I could not conclude about absolute convergence because
$\frac {\left|\sin\left( n+\frac 1n \right)\right|}{(\ln n)^2}\le \frac 1{(\ln n)^2}$
does not get me anywhere.
I tried to use the Dirichlet's test to prove convergence of this series:
$\sum_{n=2}^\infty \frac {\sin\left( n+\frac 1n \right)}{(\ln n)^2}$
but I could not prove that $\sum_{n=2}^\infty \sin(n+\frac 1n)$ are bounded.
Thanks.
Best Answer
$\sin (n+\frac{1}{n}) = \sin n \cos \frac{1}{n} + \sin \frac{1}{n} \cos n$
Firstly $\sum_{n=2}^\infty \frac{\sin \frac{1}{n} \cos n}{\ln ^2 n}$ is absolutely convergent from comparison test, because
$\sum_{n=2}^\infty \left| \frac{\sin \frac{1}{n} \cos n}{\ln ^2 n} \right| \le \sum_{n=2}^\infty \frac{\frac{1}{n} \cdot 1}{\ln ^2 n} < \infty$
Convergence of last series follows for example from http://en.wikipedia.org/wiki/Cauchy%27s_condensation_test
Secondly observe, that function $f(x)=\frac{\cos \frac{1}{x}}{\ln ^2 x}$ is decraising for big $x$ because $f'(x)= \frac{\ln x \sin \left( \frac{1}{x} \right) -2x \cos \left( \frac{1}{x} \right)}{\ln ^3 x}$,
Easy to see that $\lim_{x\to \infty} f'(x) = -\infty$ therefore there is $M>0$ such that for $\mathbb{N} \ni n> M$ sequence $\left( f(n) \right)_{n>M}$ is decraising and tends to $0$. If we could show that $\left|\sum_{k=1}^n \sin k \right| $ is bounded, we would just apply Dirichlet test to show that $\sum_{n=2}^\infty \frac{\sin n \cdot \cos \frac{1}{n}}{\ln ^2 n}$ diverges.

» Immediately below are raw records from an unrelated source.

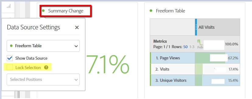 How do I modify the "Summary Change" visualization so that it allows me to compare other metrics and not take the default?
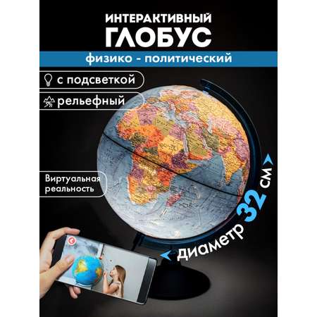 Глобус Globen интерактивный физический политический с подсветкой и VR очками 32 см
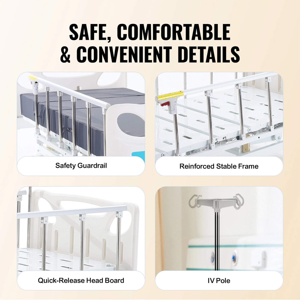 - This electric hospital bed suits hospitals, rehab centers, and home care. It’s ideal for rehabilitation or long-term care, providing comfort wherever you need it.
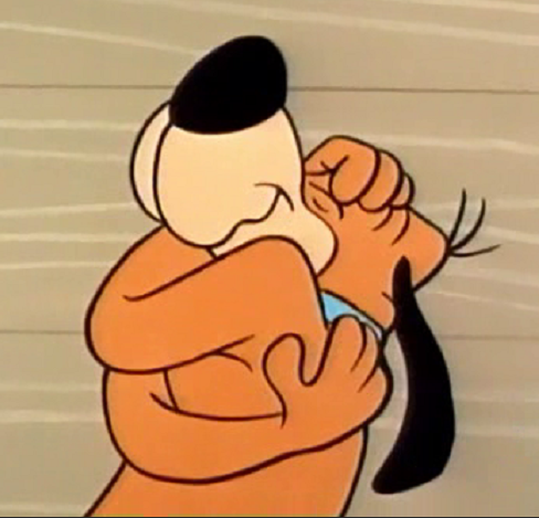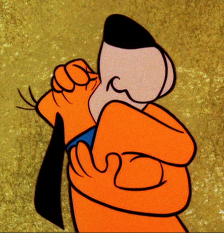 The satisfied faces of Goofy and Max remind me of a Hanna Barbara character named Snuffles. Snuffles is a bloodhound used by Quick Draw McGraw to ferret out bad guys in the old West. The only catch is that he needs to be bribed with a dog biscuit before performing his task. Upon chomping on one, he hugs himself in ecstasy, jumps into the air and floats back down, sighing.
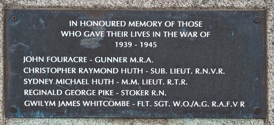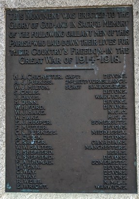 H.A. Chichester. Capt: Devons, A.J. Purkess. 2nd Lieut: Yorks & Lancs. W.J. Milton. Sergt:S.W. Borderers. S. Coles. Devons. J. Davis. Warwicks. H. Dunn. Devons. W.H. Ford. Devons. W.J. Hake. M.G.C. W. Hake. M.G.C. E.J. Hooper. Somersets. F. Mutter. Devons. C.L. Purkess. Middlesex. A. Quick. Devons. C. Salter. Canadians. W.W. Salter. Manchesters. R. Shepherd. Berks. W. Shepherd. Devons. F.A. Thomas. Somersets. H. Venn. Devons. C. Way. Devons. W. Way. Devons. R. Webb. R.M.L.I. E. Wright. Warwicks. WWII - John Fouracre - Gunner M.R.A. Christopher Raymond Huth - Sub. Lieut. R.N.V.R. Sydney Michael Huth - M.M. Lieut. R.T.R. Reginald George Pike - Stoker R.N. Gwilym James Whitcombe - Flt. Sgt. W.O./A.G. R.A.F. V R
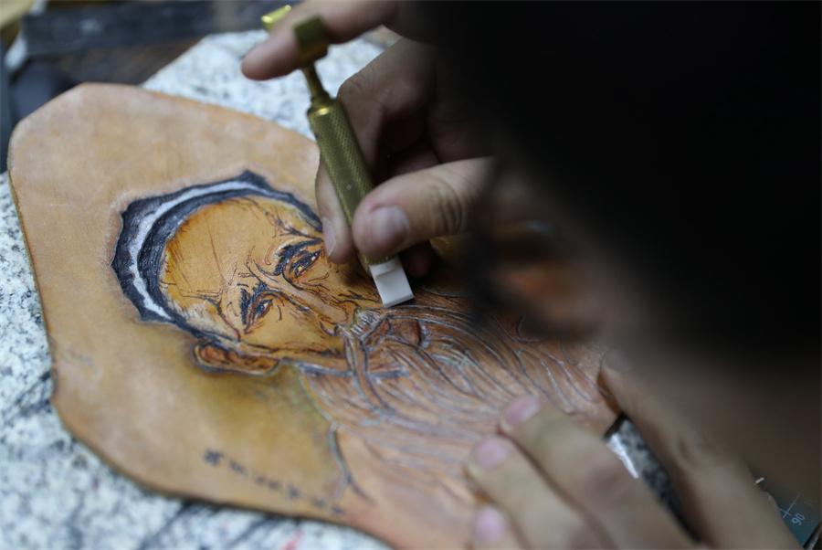 An artisan displays the traditional handcraft of leather carving in Yining city, Ili Kazak autonomous prefecture in Xinjiang, on Sept 29, 2021. (Photo: chinadaily.com.cn/Zou Hong)

It's well known that $\sum_{k=1}^n \sin ka = \frac{\sin \left(\frac{na}{2} \right) \sin \left( \frac{(n+1)a}{2} \right)}{\sin \left( \frac{a}{2}\right)}$ (you can prove it f.e by complex numbers), so
$\left| \sum_{k=1}^n \sin k \right| \le \frac{1}{\left| \sin \frac{1}{2}\right|}$.
To sum up: $\sum_{n=2}^\infty \frac{\sin (n+ \frac{1}{n})}{\ln ^2 n}$ converges as sum of two convergent series.